To clamp the tiniest masses called electrons by the net of energy knots, it is required to form filled and unfilled states of an atom as discussed above. Formation (growth) of the highly purified form of matter in the smallest shape is an unprecedented phenomenon of nature. Formation of the tiniest matter and nets of energy knots to shape atoms requires a suitable environment. So, the formation (growth) of atoms locates a suitable environment to reveal the features. The characteristics of atoms for each element are different, which can be categorized in already named classes, such as gaseous atoms, semisolid atoms and solid atoms. Hence, the growth of atoms in any class of element is in its respective environment. Naturally, this is according to the conditions that are required to grow atoms of a distinct nature. Formations of energy knots and electrons are related to one of the most extra-ordinary processes. So atoms of different elements grow at suitable places of the exerting forces.

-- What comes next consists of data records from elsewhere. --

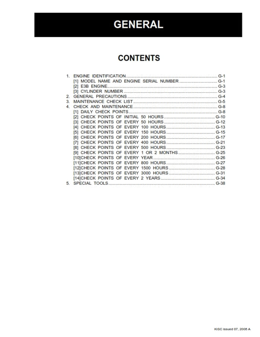 KUBOTA 03-M-E3B 03-M-DI-E3B 03-M-E3BG WORKSHOP MANUAL 2008 REPRINTED COMB BOUND
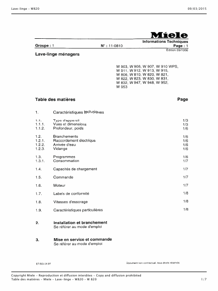 Download MIELE W 820 Service Manual French (130 Pages) 39.90 EUR
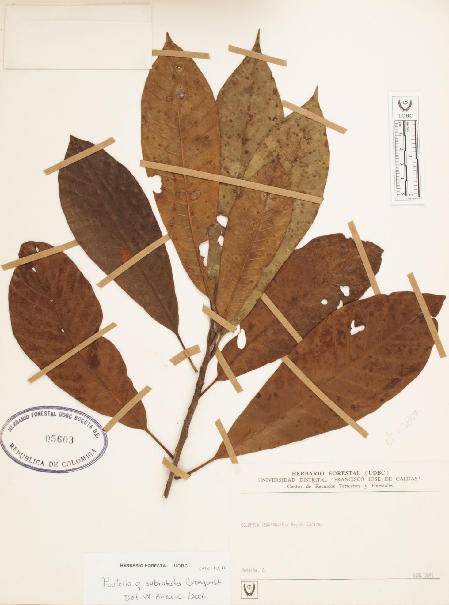 Fotografía del ejemplar Mahecha, G., determinado como Pouteria subrotata en el año 2006
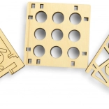 Az összeállítás ragasztó és szerszám nélkül történik, az elemek pontosan illeszkednek. A csomag része egy praktikus doboz, hogy egyetlen kereszt vagy kör se vesszen el. A játékot meghagyhatod természetes kivitelben, vagy kiszínezheted filccel vagy festékkel pontosan a saját stílusod szerint.

Atoms of gaseous states grow in their respective environment, which can be in different zones of space, so astronomers, environmentalists, chemists, space scientists and those working in the allied areas can look into the nature of growing atoms. Atoms of semisolid states grow at ground level, so electrical engineers, earth scientists, physicists, environmentalists and those working in the allied areas can look into the nature of growing atoms. Atoms of solid behaviors grow below the ground surface, so metallurgists, geologists, chemical engineers, chemists, paleontologists and those working in the allied areas can look into the nature of growing atoms.
Different behaviors of atoms discussed here enflame new insights. Atoms start functioning for the possible transition states while dealing with the varying energy and force. The presented scheme of atoms allows one to develop atoms with different lattices and electrons, so it works for the new diversity of matter. As this study deals with the general discussions, where incremental changes depend on the schemes of intercrossing photons, filled and unfilled states, orientation force, potential energy of electrons and distribution of the electrons in atom. So, there can be a room for further discussions and such investigations lead to attest sustainable utilization of resources.